A production process is considered to be out of control if the produced parts have lengths with a standard deviation greater than .5 mm. A sample of 41 parts yields a sample standard deviation of .58 mm. At the .05 significance level, does this sample indicate that the process should be adjusted in order to correct the standard deviation of the product? Assume the lengths have a normal distribution.

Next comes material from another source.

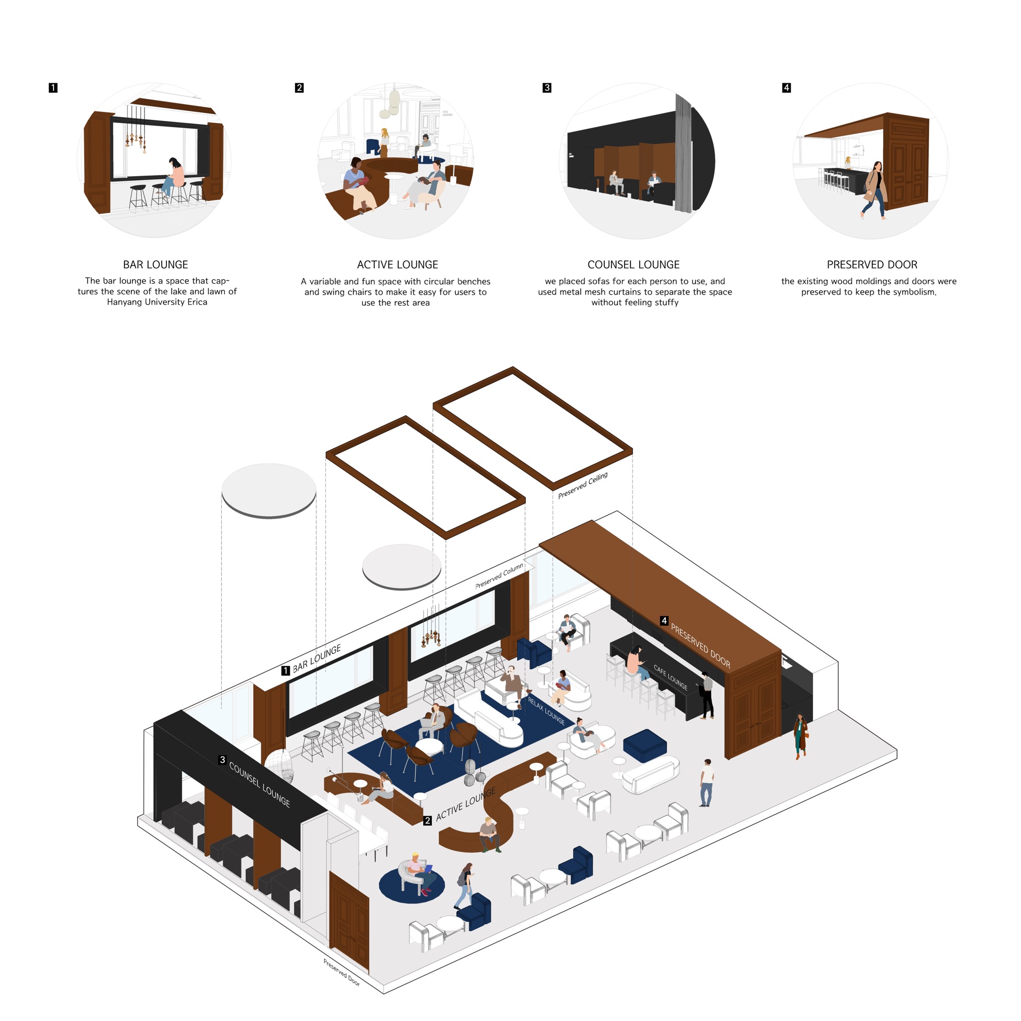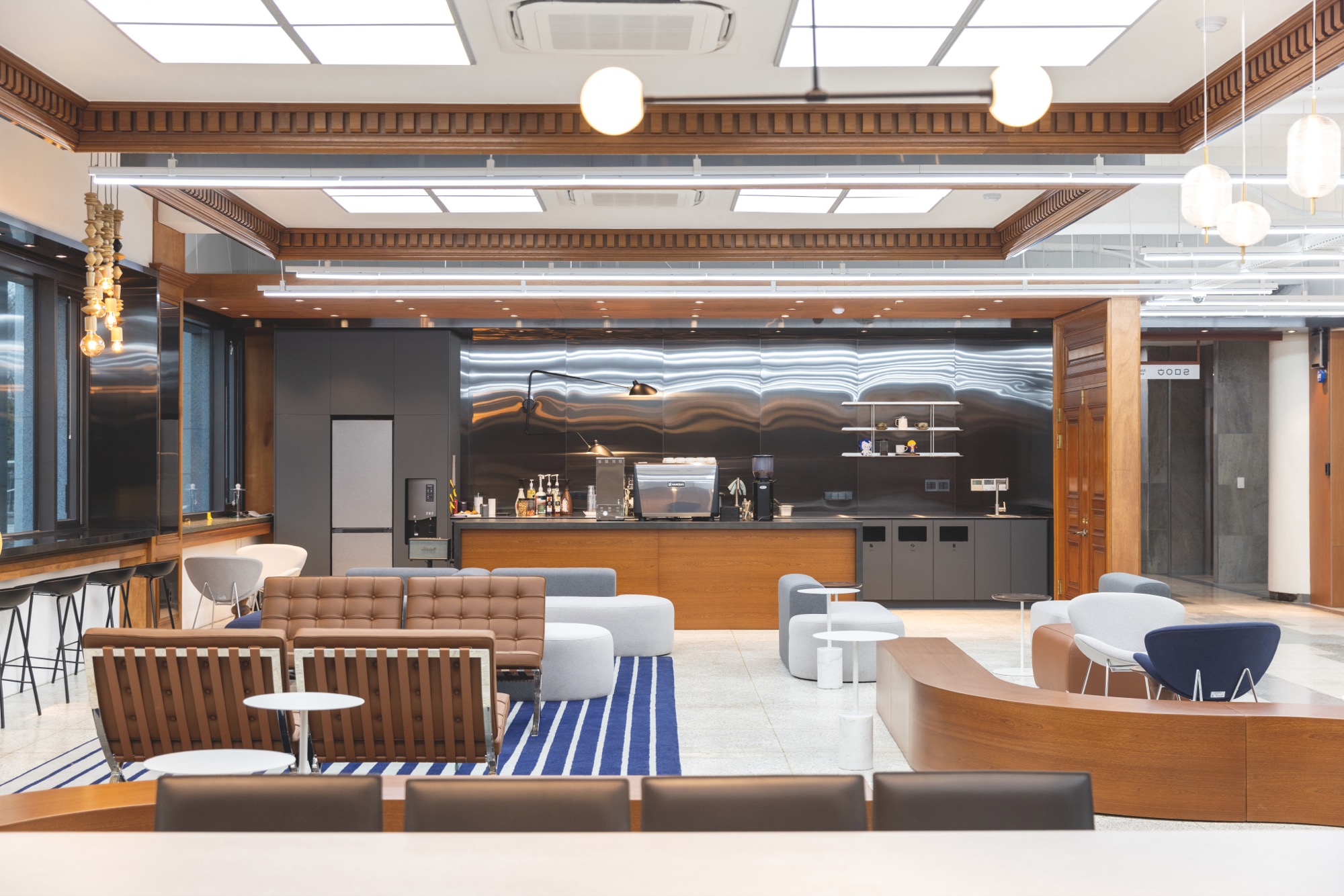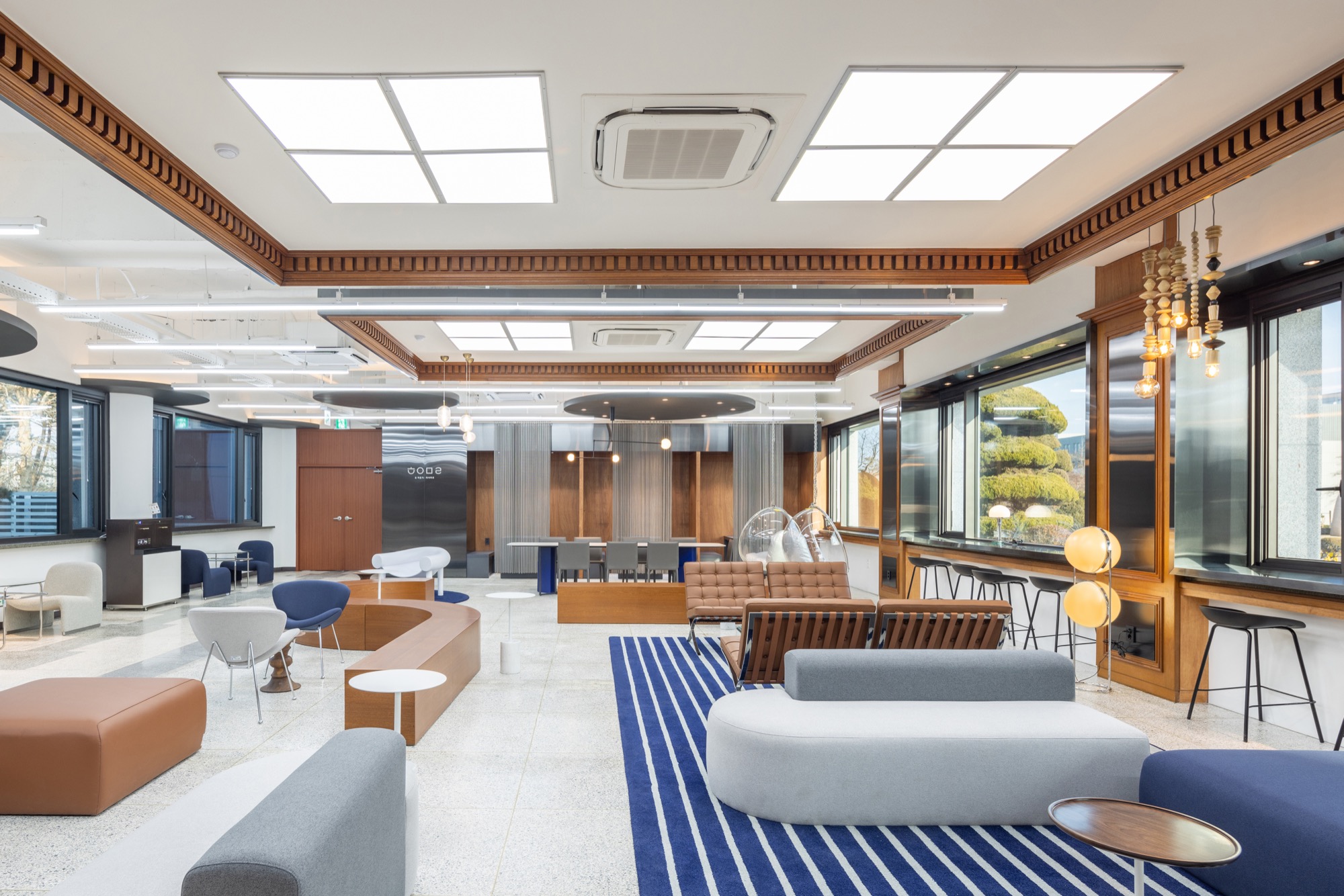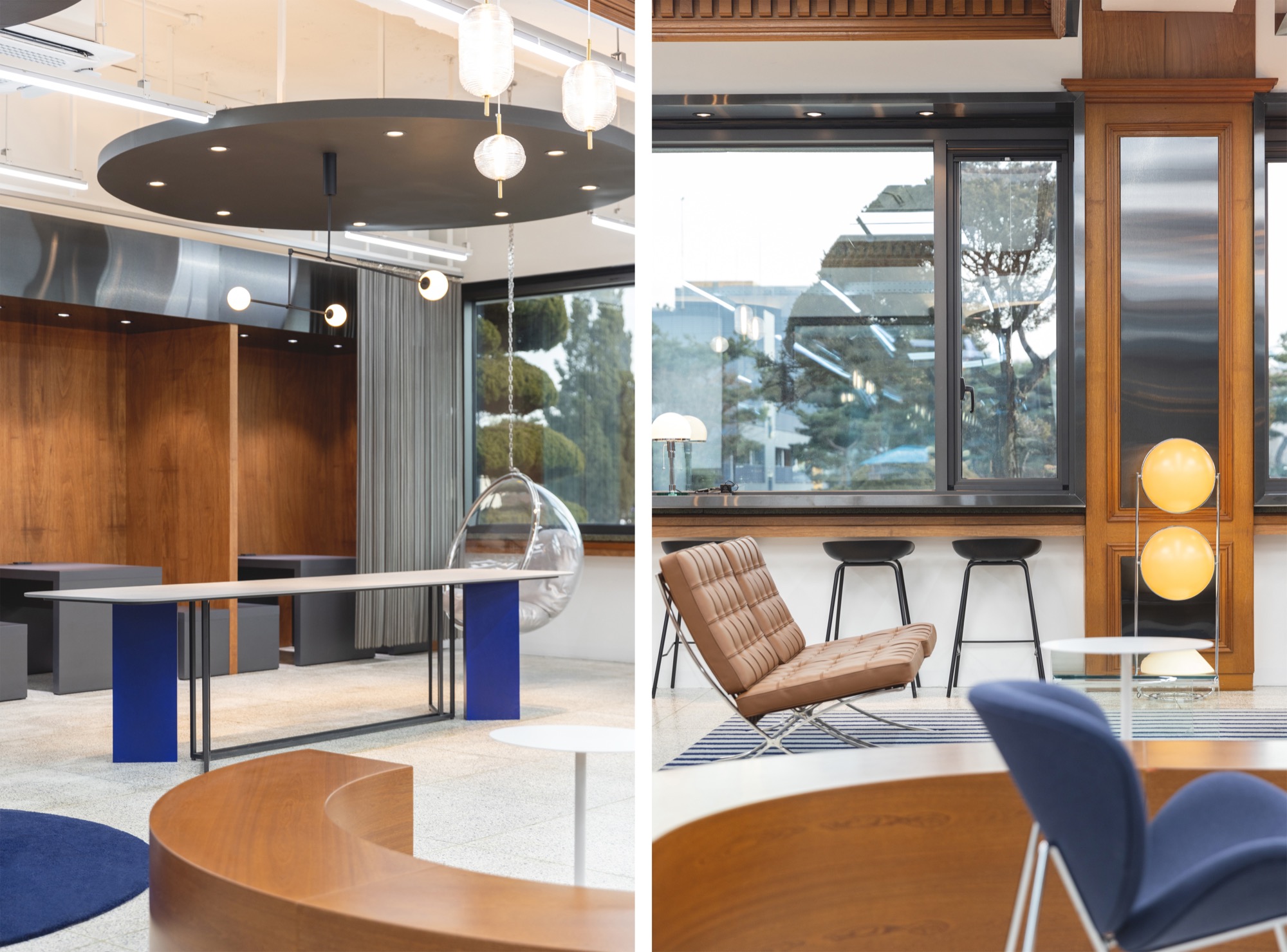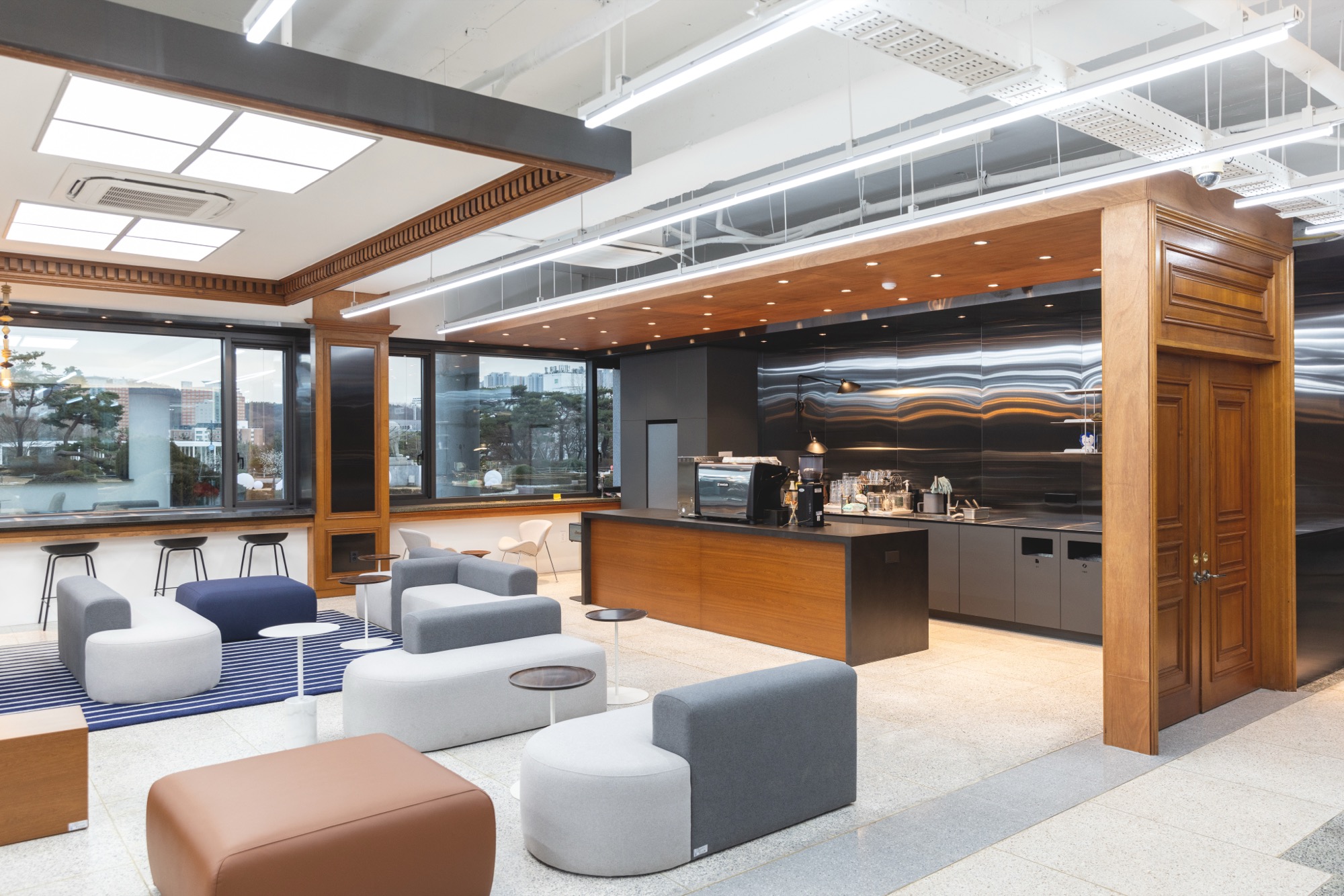 대회의실의 문은 마치 과거와 현재를 연결하는 의미로 공간과 공간 사이를 연결해주는 기능적인 문은 사라지고 시간과 사용자를 연결하는 문으로서 의미를 가진다. 대회의실을 복도와 맞닿은 벽을 철거해 개방감이 있는 열린 공간으로 계획했다. 하지만 기존 천정 일부와 우드 몰딩을 상징으로 남겨 전반적인 분위기의 통일성을 연출했다. 기존에 있던 우드 몰딩과 문을 존치하여 과거의 기억들을 지우지 않고 현대적인 것과 잘 섞어 과거와 현재가 동시에 존재하는 추억이 되는 공간을 기대했다.

To determine whether the process should be adjusted, we need to conduct a hypothesis test. The null hypothesis (H₀) states that the process is in control and the standard deviation is not greater than 0.5 mm, while the alternative hypothesis (H₁) states that the process is out of control and the standard deviation is greater than 0.5 mm.
Here is how to perform the hypothesis test:
Step 1: Set up hypotheses:
- Null hypothesis (H₀): σ ≤ 0.5 mm
- Alternative hypothesis (H₁): σ > 0.5 mm
Step 2: Select the significance level (α):
- Given in the question as 0.05 (or 5%).
Step 3: Find the test statistic:
- Since we are testing the standard deviation, we need to use a chi-square test statistic.
- The test statistic is calculated as follows: χ² = (n - 1) * (s / σ₀)²
where n = sample size, s = sample standard deviation, and σ₀ = hypothesized standard deviation under the null hypothesis.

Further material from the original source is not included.